First, it is not clear that the district court's application of the guidelines was in error. The gun components Mr. Ball claims were incorrectly counted as "firearms" include: one rifle barrel with receiver assembly, two barrels with receivers but no stocks, and one shotgun without a stock. The commentary to the guidelines defines "firearm," in relevant part, as: "(i) any weapon . . . which will, or is designed to, or may readily be converted to, expel a projectile by the action of an explosive; (ii) the frame or receiver of any such weapon; . . . ." See USSG § 2K2.1, commentary (n.1); 18 U.S.C. § 921(a)(3). This court professes little knowledge of weaponry. We do not know, for instance, whether the component combinations Mr. Ball possessed are "designed to" or "may readily be converted to" expel projectiles by the action of explosives. Nor do we know the proper characterization of "receiver assemblies," or how the components of "barrels" and "stocks" relate to the guideline definition of "firearm."

These are factual disputes, and "when a defendant fails to raise [factual inaccuracies in the presentence report] below, we have no factual record by which to review the application of the guidelines." United States v. Saucedo, 950 F.2d 1508, 1518 (10th Cir. 1991), overruled on other grounds, Stinson v. United States, 508 U.S. 36 (1993). Morever, we have held on numerous occasions that "a factual dispute concerning the applicability of a particular guideline, not brought to the attention of the district court, does not rise to the level of plain error." Saucedo, 950 F.2d at 1518. Accord United States v. Richardson, 86 F.3d 1537, 1554 (10th Cir. 1996) (factual dispute regarding presentence report's calculation of the type of methamphetamine defendant possessed not plain error); United States v. Jones, 80 F.3d 436, 438-39 (10th Cir. 1996) (disputes over presentence report's conclusions regarding type of methamphetamine, nature of previous convictions, and acceptance of responsibility were factual and not plain error); United States v. Windle, 74 F.3d 997, 1001 (10th Cir. 1996) (factual dispute over presentence report's conclusion that gun defendant possessed was stolen not plain error).

Second, we have been unable to find, and Mr. Ball admits that he is unable to cite us to, a single case in which this circuit construes the application of the guideline definition of "firearm." As such, by definition, any error committed by the district court could not have been plain, "clear," or "obvious" under current law.
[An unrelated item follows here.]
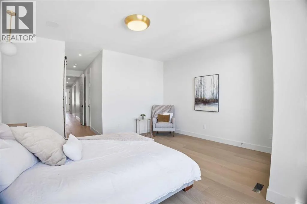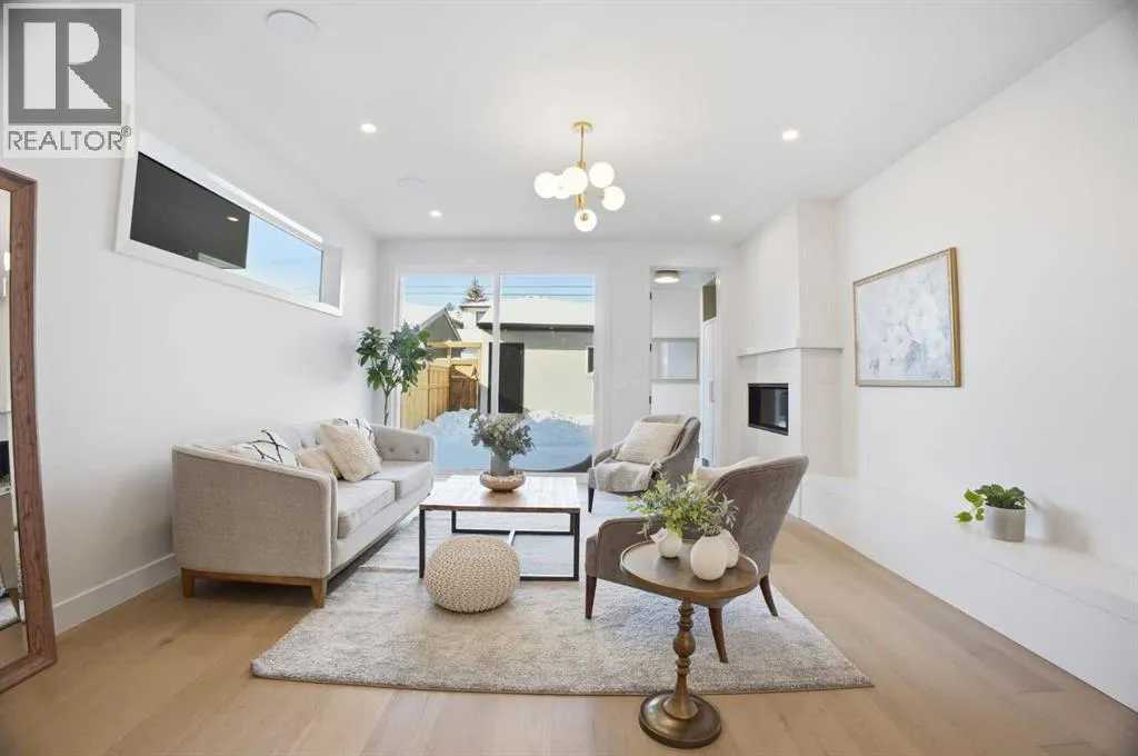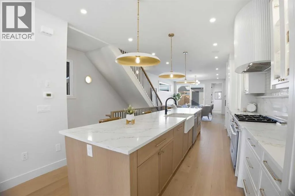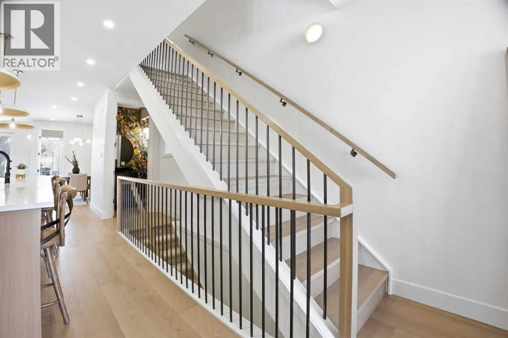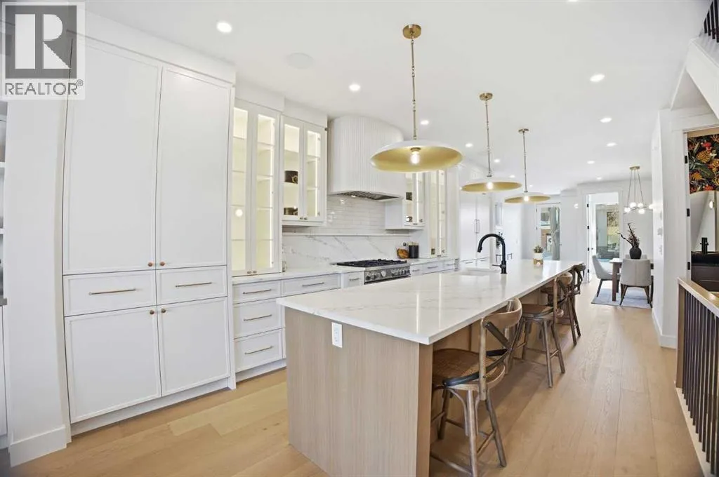 Located on a quiet street in sought after Richmond and situated on an extra deep 135â lot allowing extra back yard space, this newly built and beautifully curated 4+1 bedroom residence offers panoramic views and over 4,200 sq ft of exceptional living space. The open, airy main level features hardwood floors, soaring ceilings, and an abundance of natural light. A stylish dining area with a designer fixture provides generous space for hosting, while the tastefully finished kitchen impresses with quartz countertops, a large island/eating bar, extensive storage, and high end appliances. The living room is anchored by a striking feature fireplace and custom built ins. A dedicated den/office is tucked just off the foyerâideal for working from home. Completing the main level are a 2 piece powder room and a well appointed mudroom with built in bench and storage. The second level hosts three spacious bedrooms, a 5 piece Jack & Jill bath, and a laundry room with sink and ample cabinetry. The expansive primary retreat captures gorgeous views and includes a private balcony, dual walk in closets, and a luxurious 5 piece ensuite with dual sinks, a freestanding soaker tub, and a glass enclosed shower. The third level offers a versatile loft with access to a large west facing deck and a convenient wet barâperfect for a media room, studio, or additional office space. A generous bedroom with its own 4 piece ensuite is ideal for guests. The fully developed basement is designed for entertaining, featuring a spacious family/media room with wet bar and wine storage. A fifth bedroom, 4 piece bath, and dedicated storage room complete the lower level. Additional highlights include rough in for air conditioning and built in speakers. Outside, enjoy the sunny west facing backyard with a patio and access to the double detached garage. This prime location offers close proximity to schools, shopping, vibrant Marda Loop, public transit, and effortless access to Crowchild Trail. (id:27476)

Defendant's Motion for Leave to File a Second Supplemental Opening Brief is DENIED. The sentence of the district court is AFFIRMED.

ENTERED FOR THE COURT

Stephanie K. Seymour

Chief Judge


FOOTNOTES
Click footnote number to return to corresponding location in the text.

*.This order and judgment is not binding precedent, except under the doctrines of law of the case, res judicata, or collateral estoppel. The court generally disfavors the citation of orders and judgments; nevertheless, an order and judgment may be cited under the terms and conditions of 10th Cir. R. 36.3.


1.Mr. Ball committed a murder in 1978, to which he pled guilty in 1985.